Filter the rows by their "count".

Hi, I am trying not to roll-up data in Druid, I want all my entries stay like they are “raw”.

In order to achive that, I configured everything.

But my batch-ingestion logs (and when I query in Druid, I got the same results) says:

Map-Reduce Framework
		Map input records=8479839
		Map output records=8478194

Is that means some roll-up has occured ?

If so, how can I see them?

When I query like this:

{ “queryType”: “groupBy”,
“dataSource”: “testdata”,
“granularity”: “minute”,
“dimensions”: [“serialnumber”, “source”],
“limitSpec”: { “type”: “default”, “limit”: 10},
“aggregations”:
[ { “type”: “count”, “name”: “count”} ],
“intervals”: [ “2016-02-01T00:00:00.000/2016-03-01T00:00:00.000” ],
“having”: { “type”: “greaterThan”, “aggregation”: “count”, “value”:1 },
“context” : { “skipEmptyBuckets”: “true” }
}

``



It returns this:

{ “error” : “Unknown exception” }



If I set granularity of the same query to "all", there are results.

How can I get the entries those "count" value is greater than 1, other than this query? I want to see where the roll-up has occured.

Thanks.

The Map phase doesn’t do rollup, that happens in the Combine and Reduce phases. Usually records dropped during the Map phase are dropped because their timestamp is out of bounds of your “intervals” or because something is wrong with their formatting.

Hi!

There is no misformatted or out of interval timestamp(AFAIK). I double checked, changed the intervals etc.

They are coming from MongoDB, I checked their robustness there too. There is no unparsable timestamp or something “error” in ingestion logs too.
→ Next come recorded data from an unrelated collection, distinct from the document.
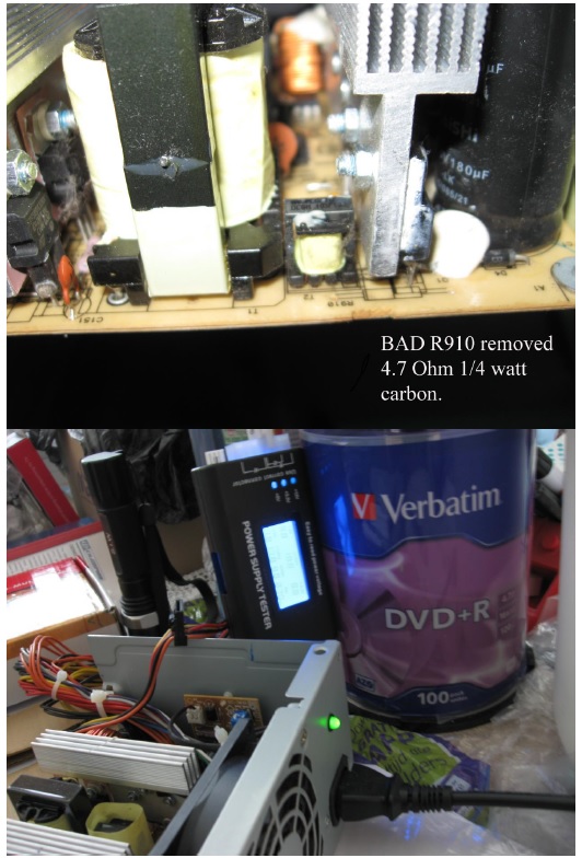 This repair is about those newer and more difficult P.F.C. controlled PS Units. Like the recent very helpful articles from Paris. (Especially the Posts after his recent article were very informative!). I had repaired the simple Power Supply Units with an easier TL494 controller in it before (like a 400 Watt ATX supply that had a bad Cap). But the Power Supply this article is about, took much more time to find the culprit.
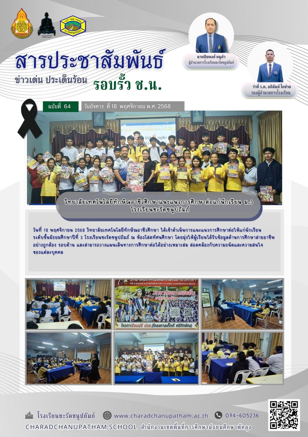 วิทยาลัยเทคโนโลยีทักษิณอาชีวศึกษาแนะแนวการศึกษาต่อแก่นักเรียน ม.3 โรงเรียนชะรัดชนูปถัมภ์
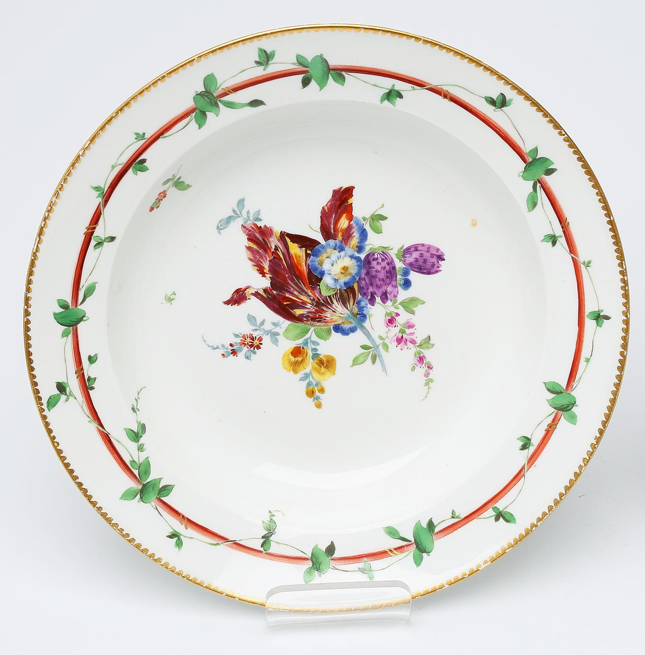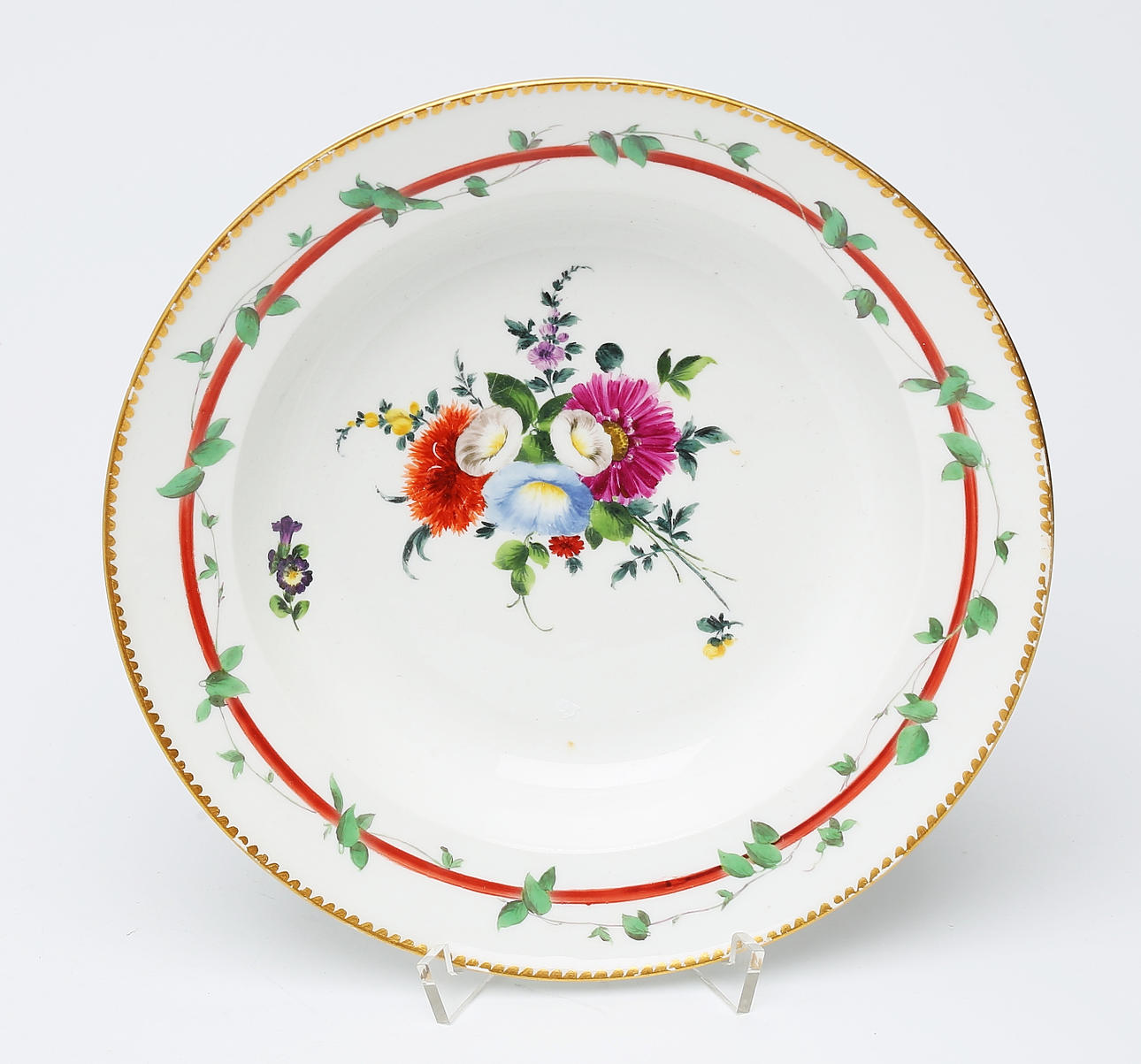 Polychrome painted floral decor. Marked with crossed swords.

So how is this possible you think ?

Out of bounds timestamps and unparseable rows are really the only reasons I know of for rows to get dropped during the Map phase.
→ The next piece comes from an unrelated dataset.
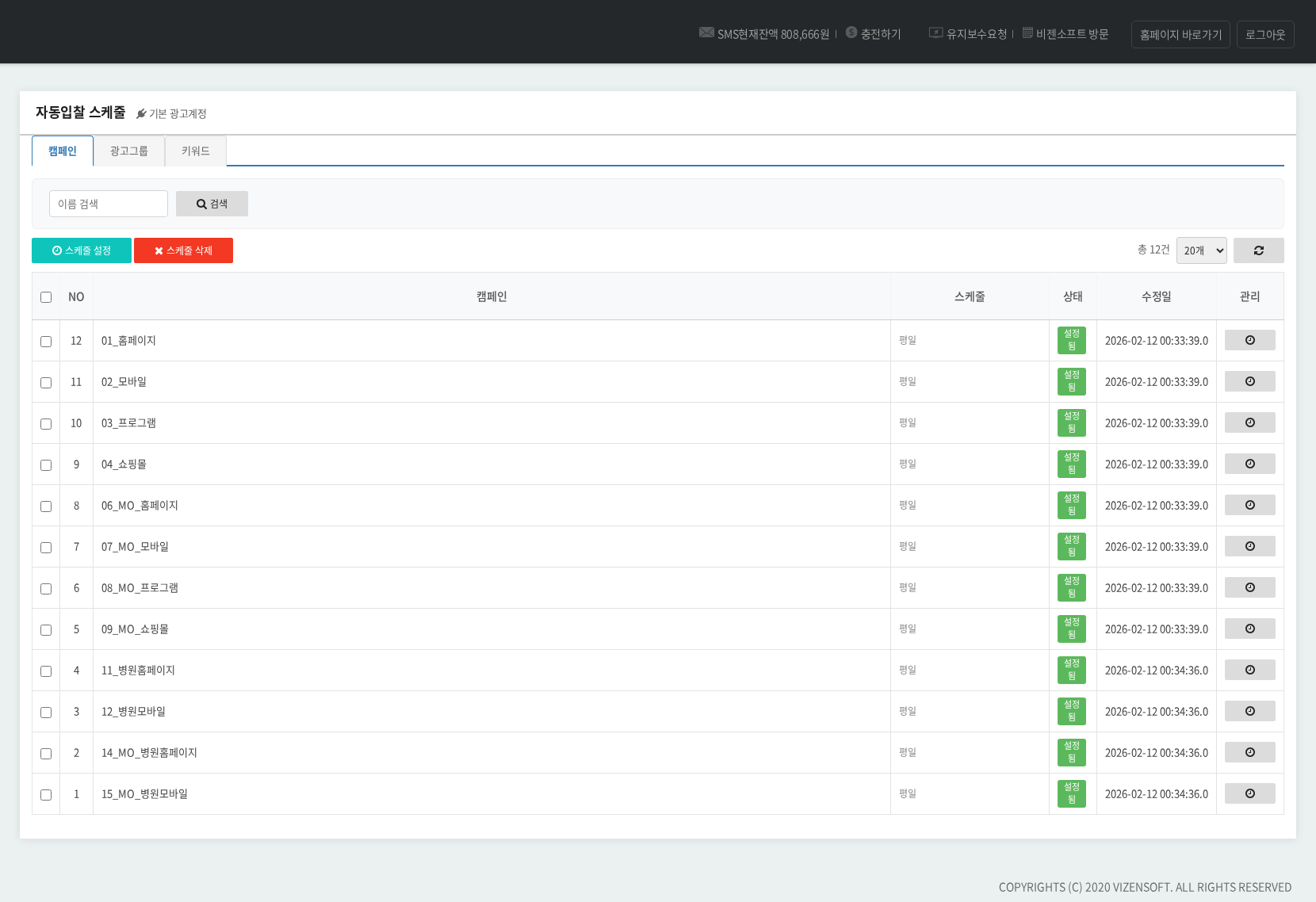 ▲ 스케줄 관리 화면 — 캠페인/광고그룹/키워드별로 요일×시간대 입찰 스케줄을 JSON 형식으로 세밀하게 설정합니다

It is possible you have some timestamps that look good but Druid still can’t parse, or some rows without timestamps. Are you running all your Hadoop nodes in the UTC timezone? Running in other timezones can cause time-related issues.

If you are confident that your input data is correct and that server timezone is UTC, it’s possible that you’re hitting a bug in the indexer. In that case, could you post your indexing spec?